Und tatsächlich erschien sein Mann alsbald mit Gnaeus Domitius Ahenobarbus im Schlepptau. Bedacht auf einen eindrucksvollen Auftritt hatte Caesar sich in einen Erker in der Hauswand gestellt so, dass man ihn nicht erkennen konnte. Und so trat er keine zwei Schritt vor Ahenobarbus in die Gasse, die gerade mal breit genug war, dass zwei Männer nebeneinander in ihr stehen konnten.
"Salve, Gnaeus Domitius und Danke für dein Erscheinen. Bitte verzeihe mir was für einen Ort ich dir zumuten muss" begrüßte Caesar sein Gegenüber und nahm für einen Augenblick seine Kapuze zurück, sodass man sein lächelndes Gesicht erkennen konnte
"Und verzeihe mir die unangenehme Gesellschaft die ich dir ebenfalls zumuten muss. Und in Anbetracht dessen, denke ich, dass dir der Ort unseres Treffens sicherlich doch zusagen wird."Caesar gab seinem dritten Mann, der noch immer an der Seite Domitius' stand ein Zeichen, so dass dieser sich ein paar Schritte von den beiden Politikern entfernte.
"Wir sprechen mehr als nur selten miteinander und ich wage zu behaupten, dass wir beide, ganz aus dem Impuls heraus, sagen würden, dass auch diese mehr als seltenen Gelegenheiten sich immer noch viel zu oft ereignen. Aber ich glaube, dass dies ein Fehler ist, Gnaeus. Ein Fehler den ich zu lange zu bereitwillig begangen habe."Caesar machte eine Pause in der er sich nachdenklich ans Kinn fasste.

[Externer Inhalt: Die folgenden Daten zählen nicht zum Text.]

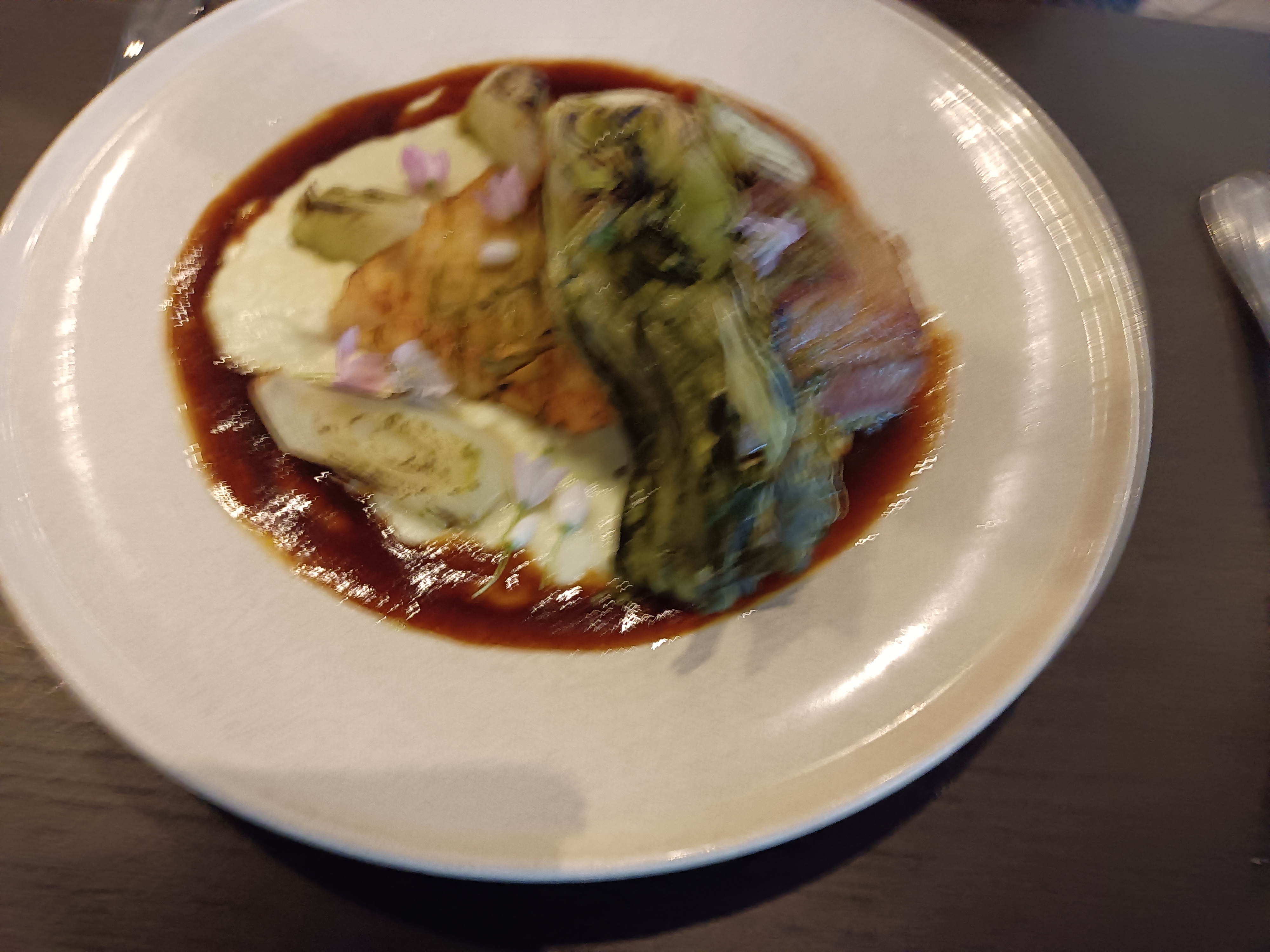 Dîner hier soir, pas de réservation mais ça va pas de souci, bon accueil, aiguillé par le très aimable réceptionniste de l'hôtel 👍, dîner cosy, beaucoup de saveurs, vraiment très bon, service un peu rapide mais ça nous allait très bien, addition 107 a deux avec 1 apéro et 1 verre de vin. Pour amateurs BCBG, Bravo 👌

"Hippokrates lehrt uns, dass Gesundheit und Physiologie unseres Körpers durch das Zusammenspiel von vier Säften[8], die essentieller Bestandteil eben dieses Körpers sind, bedingt wird. Gibt es ein Ungleichgewicht zwischen diesen Säften, so prägt sich dies in einem Gebrechen aus. Und solch ein Gebrechen wird behandelt in dem man sich bemüht dem Ungleichgewicht der Körpersäfte entgegenzuwirken. Und das ist hier das Entscheidende, es geht um Harmonie und nicht darum etwas aus dem Körper heraus zuschneiden, etwas zu entfernen. Man sich dieser Säfte entledigen, doch ich kenne niemanden der ohne Blut zu Leben vermag, wenn du verstehst. Der Arzt muss die weitere Entwicklung also in die richtige Bahn lenken, so dass sich wieder ein Säfte-Gleichgewicht einstellen kann, dass der veränderten Lebenssituation angemessen ist. Was hältst du davon, Gnaeus?"